Council to decide museum's future
Items on agenda may help Butler Longhorn Museum move forward
By SARA MCDONALD The Daily News
Jennifer Wycoff-van der Wal, Butler Longhorn Museum curator, stands among the collection of Longhorn cattle heads at the museum in this 2004 file photo. FILE Photo/The Daily News
LEAGUE CITY - Two items set to go before council Tuesday could help the Butler Longhorn Museum move forward again.
One item would allow city staff to ask for proposals for a design build contract for the museum and the other would allow staff to advertise for bids and fund the finishout contract. "This is what we've been talking about doing since last May," council member Tommy Cones, who put one of the items on the agenda, said. "We've just been stalling it and making it a political issue. We need to just go ahead and complete the project."
If approved, the museum would have a contract to finish construction and the money to back it.
It could be the first steps to end the long, winding journey the city began five years ago when it decided to open the local history museum.
The museum would honor the Butler Longhorn bloodline, a breed of cattle once abundant in the area that gave League City its roots.

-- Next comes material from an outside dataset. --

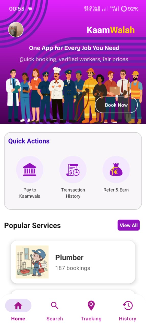 KaamWalah connects you with skilled professionals in your area. Simply download our app, search for the service you need, browse through verified professionals, and book your service in just 60 seconds.

The museum was first set to open in 2004, before numerous delays and complications led it to wait in limbo for more money.
Since 2001, the city has spent about $1.4 million in construction costs to transform the old Walter Hall Estate, a large house once home to a prominent League City family, into a state-of-the-art museum.
A plan presented by museum curator Jennifer Wycoff-van der Wal would require about $350,000 from the city to finish construction and correct some work already done.
The figure includes the cost of redoing about $40,000 worth of electrical wiring that is either in the wrong place or mounted on the walls instead of inside them.
The building also needs flooring, widened doorways that are wheelchair accessible and a new roof.
The museum would still need about $500,000 to cover the cost of displays, lighting and exhibit design, an amount Wycoff-van der Wal said she hoped to achieve through fundraising.
The museum would also likely ask the city to fund operating costs and salaries for one to two years.
Council held an October workshop where it discussed the future of the museum, but arrived at no consensus. Cones said after the October meeting he expected to see bids come in. Since they didn't, he is asking for them.
"This is a city facility and a city project and it needs improvement," he said. "I don't understand why we've been ignoring it. I want to get past all the political fighting."